Lugano, una città perfetta ma senza speranza

Lugano, settembre. Sotto a un sole già impercettibilmente scolorito come è liscia, in una mattina di fine estate, l’acqua del lago. Un battello bianco si stacca da un molo, carico di turisti. Dei giapponesi su dei pedalò costeggiano pigramente la riva. Le aiuole sono rasate alla perfezione, e non si vede in tutta la città una singola auto in sosta vietata; e le siepi, noto, ferma a un semaforo, hanno le foglioline tutte dritte e uguali, scrupolosamente, rigorosamente potate.

Non c’è una cartaccia per terra, e batterie di bidoni per la raccolta differenziata luccicano negli angoli, pulitissimi e discreti. Nelle vetrine, sontuosi orologi valgono mesi di uno stipendio normale. Il traffico è scarso e educato, nessuno che suoni il clacson, e non un lavavetri, o un mendicante. La gente di Lugano passeggia serena nella città perfetta.

Noto però che molti dei passanti sono anziani, sorretti da una badante, o soli; camminano adagio con l’aria di chi non va da nessuna parte, si siedono sulle panchine e nei caffè, a contemplare la docile liscissima acqua del lago. Di cosa mai potrebbero lamentarsi? Vivono nel meglio governato dei paesi, e dagli orologi al polso, e da certi sfavillii di ori sul collo vizzo delle vecchie signore, si direbbero ricchi.

Tuttavia nel guardare i loro passi lenti, e le ottantenni con i capelli rigidamente in piega e il rossetto troppo rosso sulle labbra sottili, si impadronisce di me una malinconia rapinosa. Ecco dei vecchi, mi dico, che hanno tutto, e vivono nel più ordinato dei mondi; eppure in viso gli si legge una calcificata solitudine, e, sotto al dignitoso aspetto, anche un inammissibile dubbio: se valga poi la pena di esser vivi, domani. Mi viene in mente allora che in Svizzera l’eutanasia è legalmente praticata.

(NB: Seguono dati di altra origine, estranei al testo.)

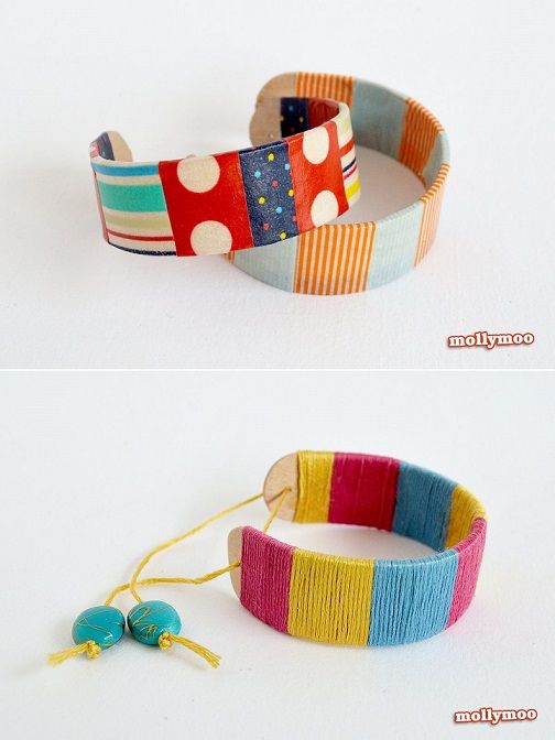 9. Bracelets: Detailed photo tutorial on how to make craft stick bracelets, with three decorating options: washi tape, embroidery thread and paint (via MollyMooCrafts)
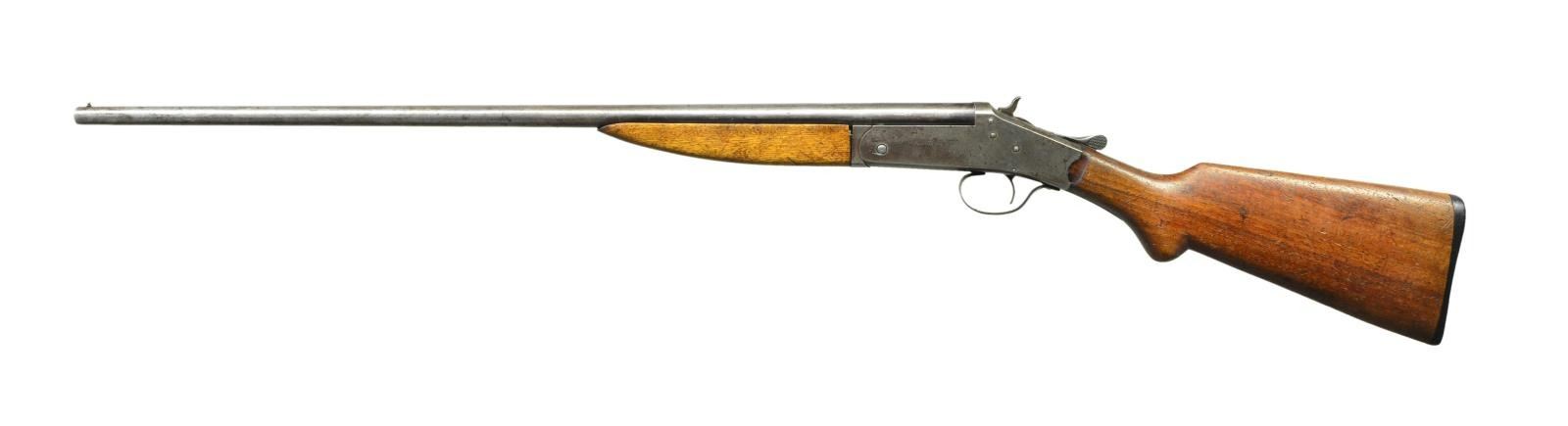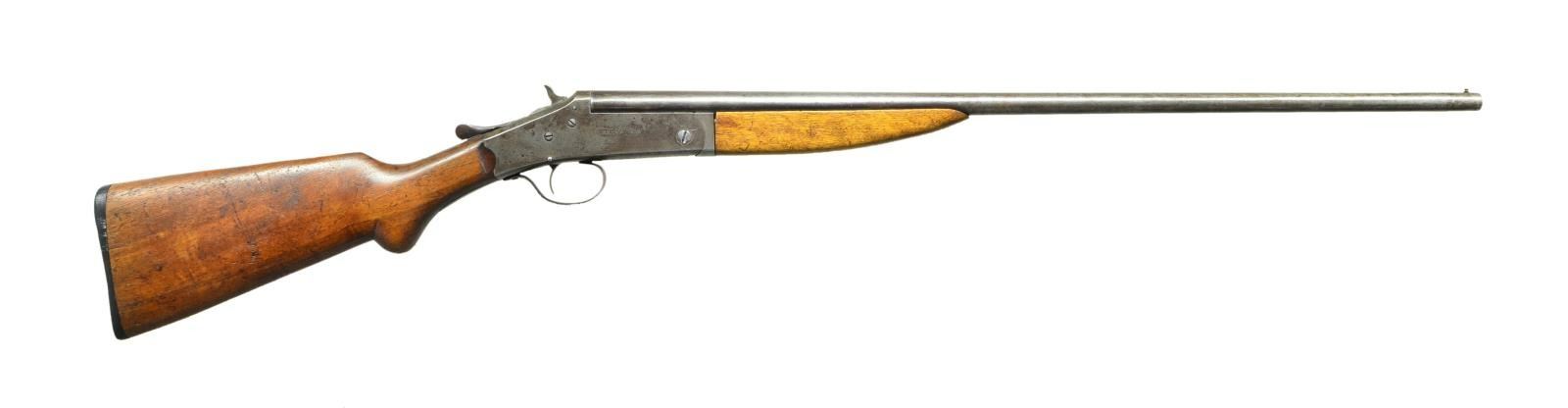 Cal. 410. S# 418EL. Bbl. 26". Mfg. 1916-1935. Lightweight single shot shotgun chambered in 410 Bore / 12mm. Blued finish. Brass bead front sight. Extractor at 6 O'clock. Hardwood forend & stock w/ black plastic buttplate & round pistol grip. LOP: 13.5. It is important to note that any .410 bore gun produced between circa 1900 and 1933 will be chambered for the 2" Eley cartridge or the 2 1/2" shell only and should not be fired with a 3" .410 bore shell. CONDITION: original metal finish has thinned to a gray w/ some very light peppery oxidation. Wood furniture has several light impressions w/ only 1 fine split, approximately 1" in length on right side of forend. Bore is shiny. (22-6248/JZ). CURIO. $200-300.
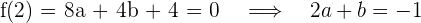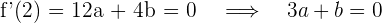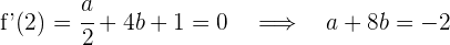 2 Como la función tiene un punto de inflexión en , entonces la derivada es cero en este punto. Sustituimos y obtenemos
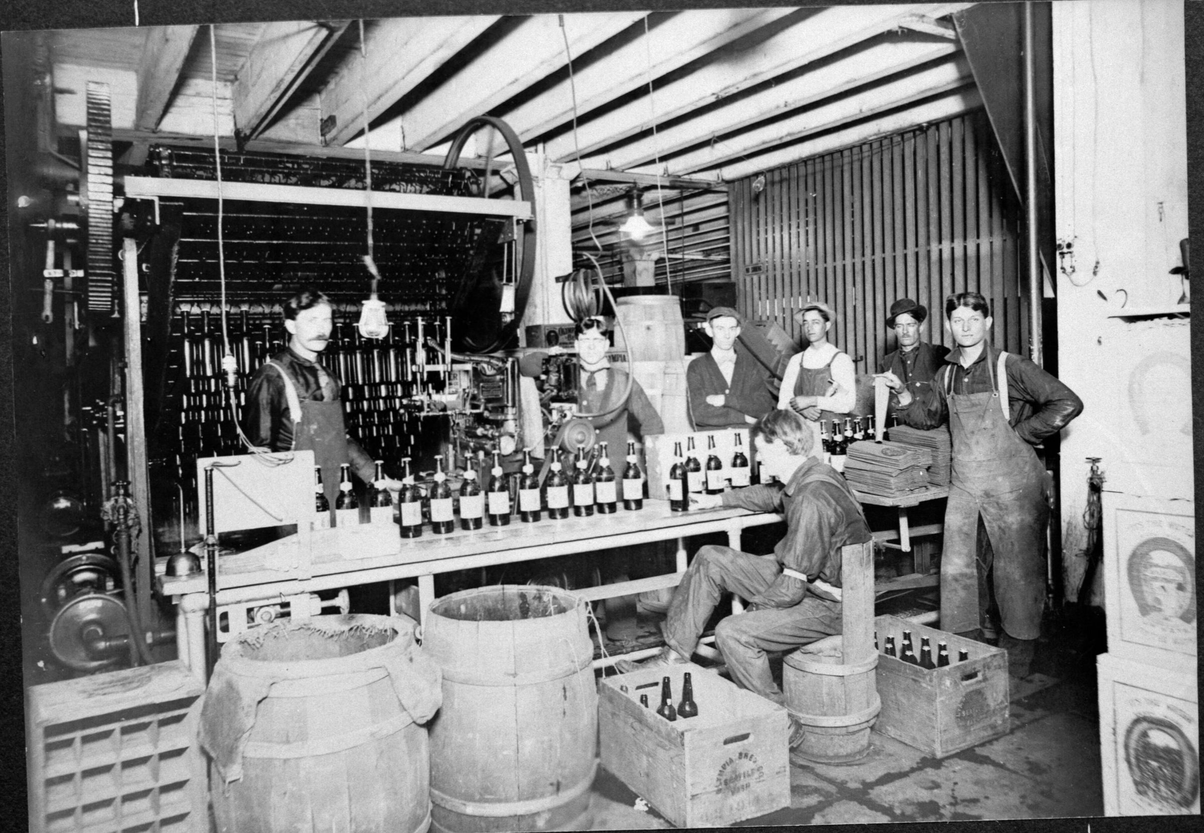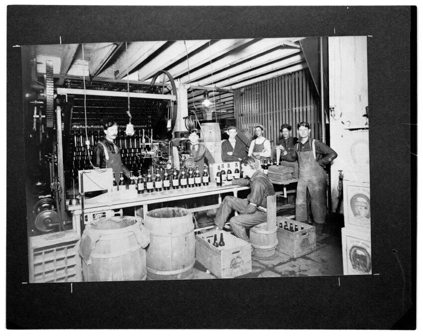 Negative, sheet film. 4 x 5 b&w. Scene in Olympia Beer bottling house in Seattle. Shipping crates marked Seattle. Barrels in left foreground are shipping barrels. Men are packing filled bottles of beer for shipment. No ID on men.Other Names and Numbers
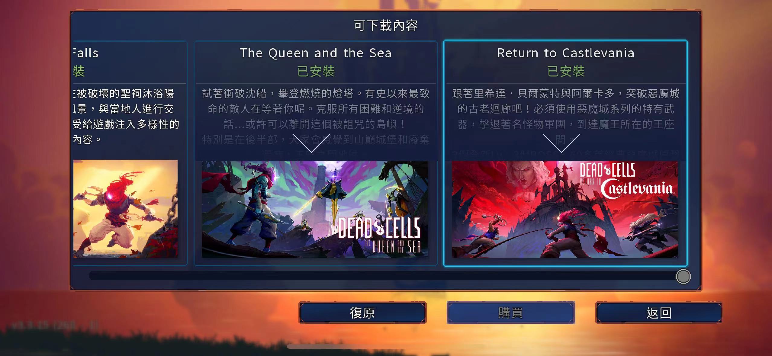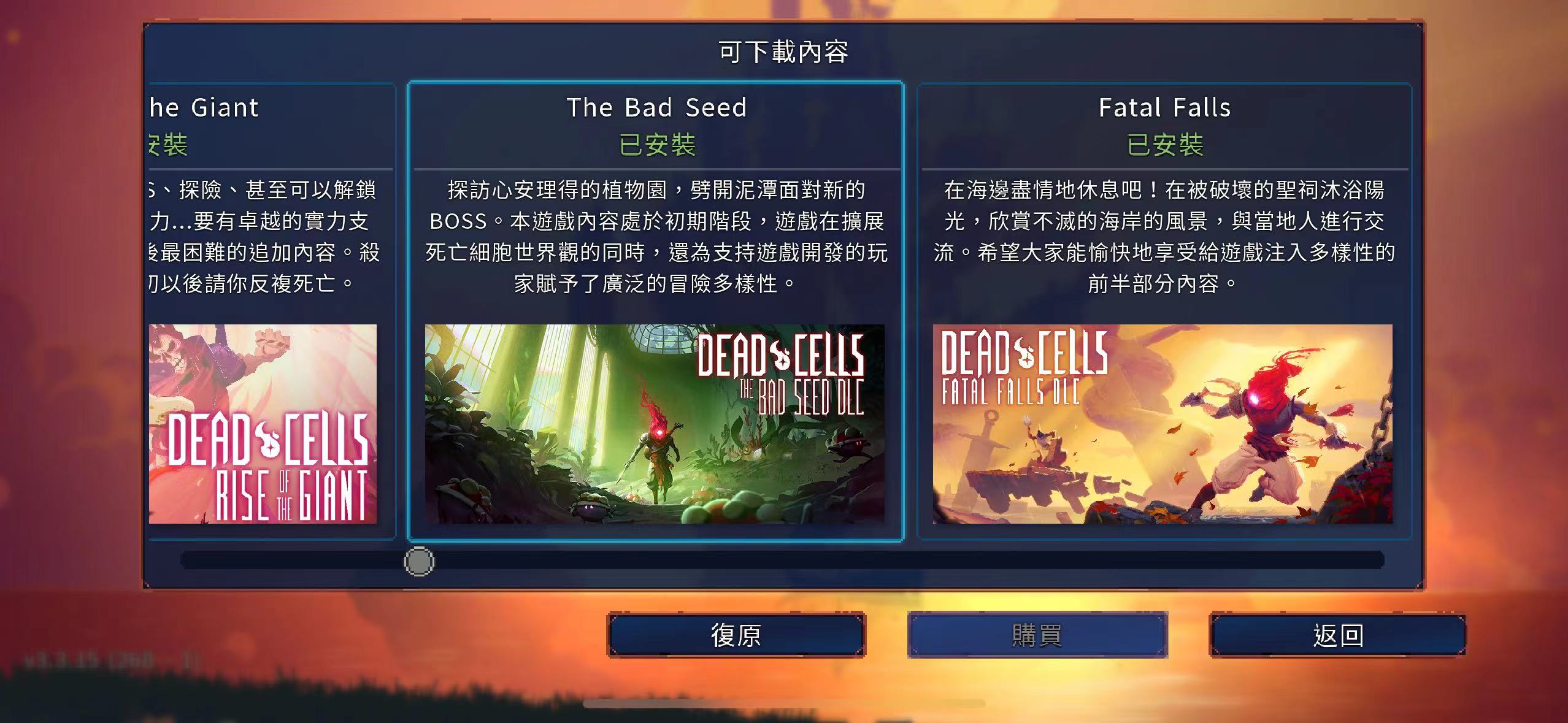 已解锁该游戏全部内购dlc,支持中文,无需在线登录,退号也可玩。

Mi attraversa un pensiero: in fondo, mi dico, capisco. Nel mondo più perfetto, la solitudine può essere un muro di prigione. E quanto ovattati devono essere i passi, sulle moquettes di certe residenze per anziani.

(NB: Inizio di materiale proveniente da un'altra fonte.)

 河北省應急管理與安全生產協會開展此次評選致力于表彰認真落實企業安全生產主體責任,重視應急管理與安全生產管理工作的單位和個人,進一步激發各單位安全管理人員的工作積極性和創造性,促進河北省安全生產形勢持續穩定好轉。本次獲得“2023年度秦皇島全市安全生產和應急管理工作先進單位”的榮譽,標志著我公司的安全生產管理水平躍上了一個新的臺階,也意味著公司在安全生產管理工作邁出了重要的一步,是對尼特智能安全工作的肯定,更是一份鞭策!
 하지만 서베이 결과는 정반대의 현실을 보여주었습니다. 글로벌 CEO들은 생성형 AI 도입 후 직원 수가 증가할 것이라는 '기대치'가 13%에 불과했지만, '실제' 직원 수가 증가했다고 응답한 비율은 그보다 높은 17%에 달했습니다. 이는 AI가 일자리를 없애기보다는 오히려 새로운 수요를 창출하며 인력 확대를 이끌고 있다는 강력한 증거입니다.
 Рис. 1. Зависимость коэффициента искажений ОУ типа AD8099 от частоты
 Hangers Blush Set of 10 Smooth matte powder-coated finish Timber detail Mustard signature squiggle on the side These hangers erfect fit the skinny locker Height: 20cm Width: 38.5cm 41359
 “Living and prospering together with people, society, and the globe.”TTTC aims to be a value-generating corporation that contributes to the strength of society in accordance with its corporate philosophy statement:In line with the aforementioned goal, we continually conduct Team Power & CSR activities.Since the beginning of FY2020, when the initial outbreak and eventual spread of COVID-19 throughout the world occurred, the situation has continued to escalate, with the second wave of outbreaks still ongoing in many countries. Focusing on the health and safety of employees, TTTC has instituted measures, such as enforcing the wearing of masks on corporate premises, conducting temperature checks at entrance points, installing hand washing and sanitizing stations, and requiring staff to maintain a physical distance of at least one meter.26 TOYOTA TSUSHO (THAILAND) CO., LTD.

Mi siedo anch’io a un caffè e contemplo le clienti eleganti, firmate, con la badante ucraina accanto annoiata e muta; intente con tenacia a tirar l’ora di pranzo. Qui, dove il mondo è lindo, senza errori, né rifiuti, né imprevisti, manca soltanto a certi vecchi l’essenziale: un senso, una speranza.

Forse, i più poveri di tutti sono loro. I migranti che ho visto sbarcare a Lampedusa, affamati, disfatti, erano giovani – e, mentre in ginocchio ringraziavano Dio d’essere salvi, che voglia di vivere gli leggevi in faccia. Chi è più povero, i profughi a Lampedusa o certi pensionati di Lugano? Anche questa, vorrei dire al Papa, è “periferia esistenziale”.

Mi lascio dietro la città perfetta con una strana urgenza. Chiasso, la frontiera, l’Italia. (Bellissime mi paiono, lungo il guard rail, le siepi disordinate).